On integrity, a manual review of calculated columns, tables, and measures confirmed no broken dependencies. The reduction was mechanically sound.

All Time No Longer All Time

One big issue to call out was the period slicer and selecting 'All Time'. This was now technically incorrect as for three of the fact tables, the data was reduced to the last 3 years rather than all time.

But because of our definition for the date table (which considered a number of different date fields in the model), it was still possible to view all time data for the other fact tables that we hadn't limited. So the 'All Time' range hadn't changed globally, only in terms of the three fact tables we had reduced.

This would cause confusion for the end user. Both in terms of using and trusting the 'All Time' period selection but also in terms of metrics across the report suite which purport to be 'all time' metrics. This would need consideration before implementing this data reduction.

Calculated Tables

One unexpected result we saw was regarding some DAX tables we have. These calculated tables stored information on subscriptions (one line for every day that a subscription was active) and still produced the same number of rows post the data cull as before. This was because most of the data came from a dimension table which had obviously not been restricted. However because some of the columns for this table were derived from the fact tables that had, they were returning blanks rather than the relevant data (because that data no longer existed).

Conclusion

We achieved significant data size reduction which will lead to improved efficiency and potential cost savings. This also afforded us the headroom in the customer workspaces. The accuracy and performance of the reports did not suffer due to this data purge.

The change made was not technically onerous and therefore was perfectly feasible. As mentioned previously the date filtering should be done in the relevant SQL views in Production. This filter would need to be dynamic so is only ever the last 3 years from the current date.

The data cull did surface two issues though: the 'All Time' slicer that isn't and the calculated tables missing data.

The potential options to resolve these are:

Remove 'All Time' as an option in the slicer.
Lock down the derivation of dates for the DimDate table to dates in the last 3 years only.
Assuming we do this, could also rename the All Time option in the slicer to be "Last 3 years" or similar.
Educate the user base that we have restricted the data that is imported into Power BI.
Add a filter into the DAX calculated tables to restrict them to underlying records created within the last 3 years.

What a "Simple" Data Reduction Really Tests

This investigation began with a simple business hypothesis: less data means more speed. It succeeded as a performance fix but it's bigger value was a high-resolution diagnostic of the whole data product.

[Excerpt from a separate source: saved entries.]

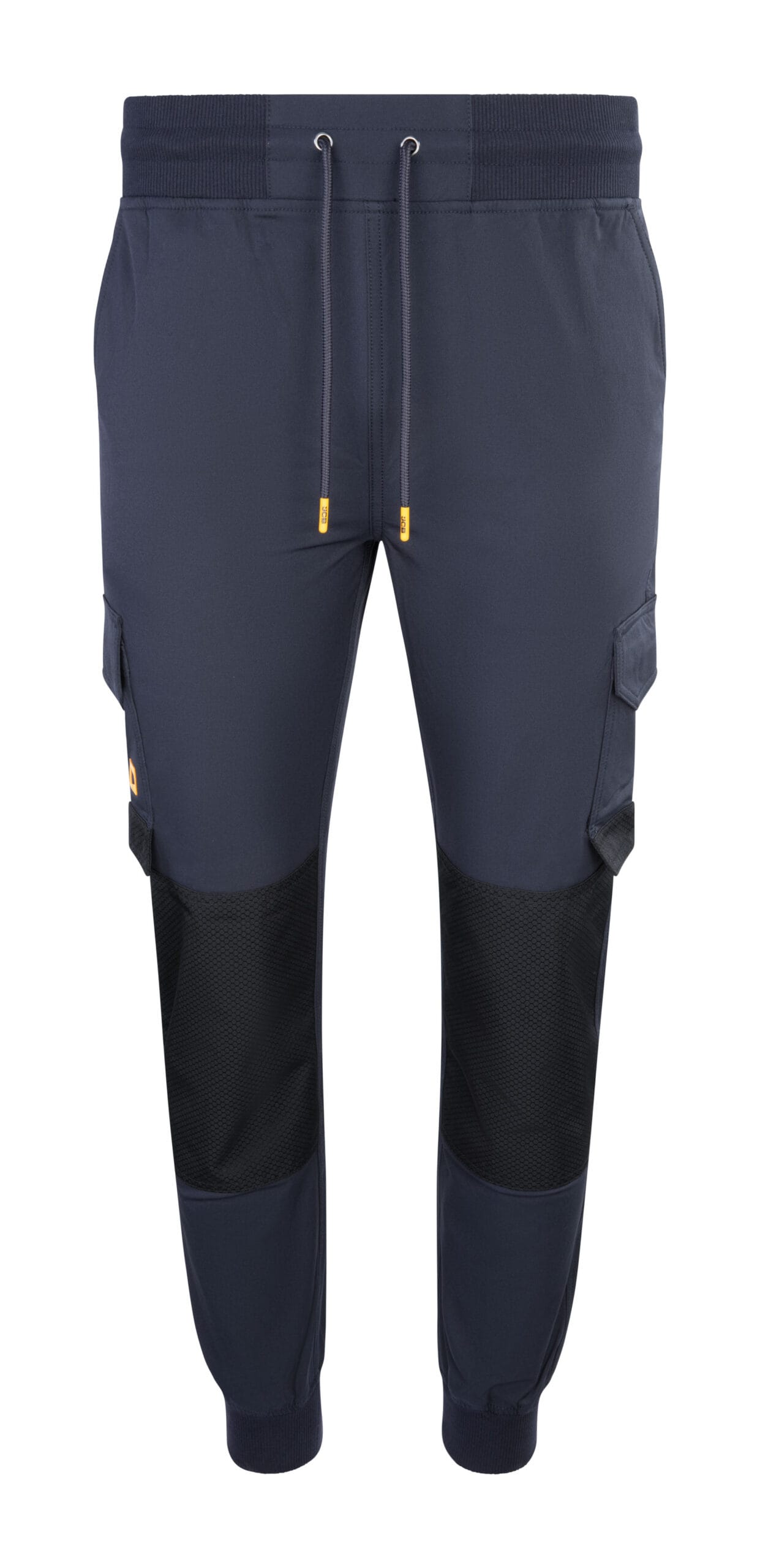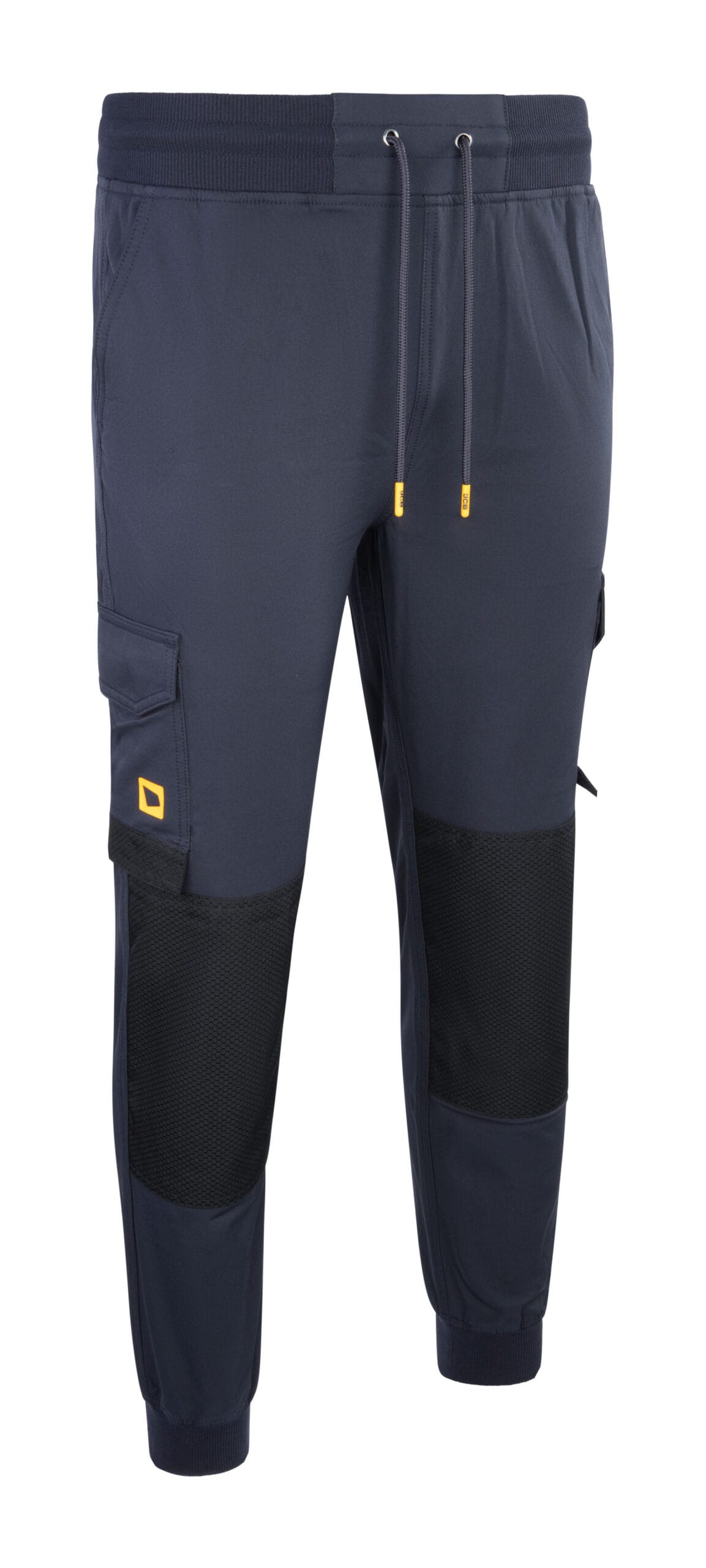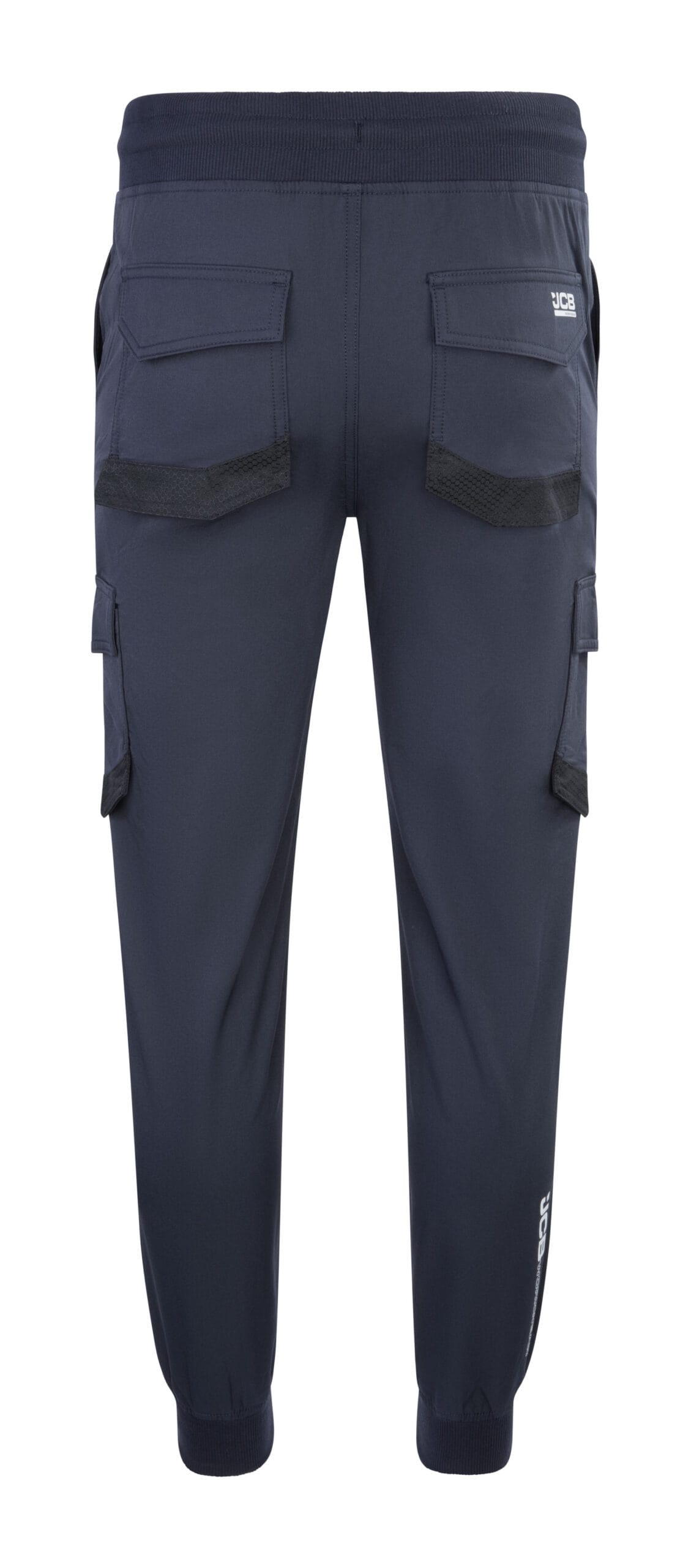 Durable 210g nylon-spandex 4-way stretch fabric (92% nylon / 8% spandex) for flexibility and strength > Heavy-duty abrasion resistance tested to 100,000 cycles on reinforced pockets and hems > Elasticated waistband and ankle cuffs for secure, comfortable fit > Practical cargo pockets and reinforced pockets for on-site functionality > Water-repellent finish helps protect against light rain and spills > Finished with a silicone tab on pocket for authentic JCB branding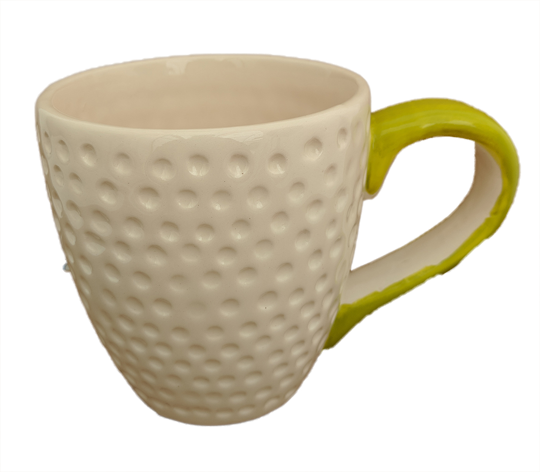 A glazed ceramic sports mug. Perfect for almost all house plants. Also great for succulents. Hand-painted ceramic white mug with dimples to resemble a golf ball. 13 ounce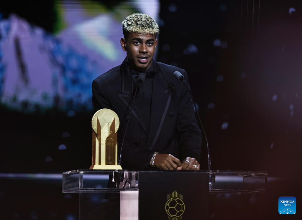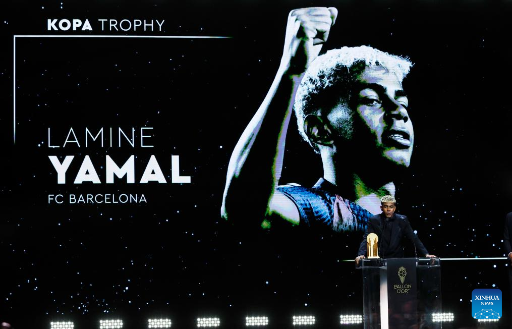 Barcelona's Spanish player Lamine Yamal speaks after receiving the Kopa Trophy for the best under-21 player during the 2025 Ballon d'Or France Football award ceremony at the Theatre du Chatelet in Paris, France, on Sept. 22, 2025. (Xinhua/Gao Jing)

A "simple" filter change is never just that. It is a stress test for your system's true architecture and the bill for that test, the discovery tax, is where the cost and insight lie.

The Discovery Tax Bill

It exposes hidden bottlenecks

Our 67% data reduction only yielded a 12-14% refresh gain. The bottleneck therefore wasn't only data volume. It was the complex calculated tables and columns in the model. This investigation highlighted the next, more critical issue ripe for optimisation.

It reveals semantic debt

The confusion around the "All Time" slicer and the broken calculated tables weren't bugs. They were symptoms of a missing unified semantic layer and a development process that allowed hidden dependencies.

It demands careful scoping

Our findings were valid for the 5 reports and 3 fact tables we tested. The results however are not linear and so cannot be extrapolated. The discovery tax for a full rollout would include the cost of testing every other report and dependency, This defines the true scope, risk and effort required for this 'simple' change.

The Craftsman's Takeaway

Therefore, treat any "simple" data change as a diagnostic process. Its cost isn't just in the implementation, but in the discovery of everything you didn't know was connected. The wise team uses this discovery not as a setback, but as the most valuable map for what to fix next.

This mindset shifting from task-completion to system-diagnosis is what separates a report builder from an architect.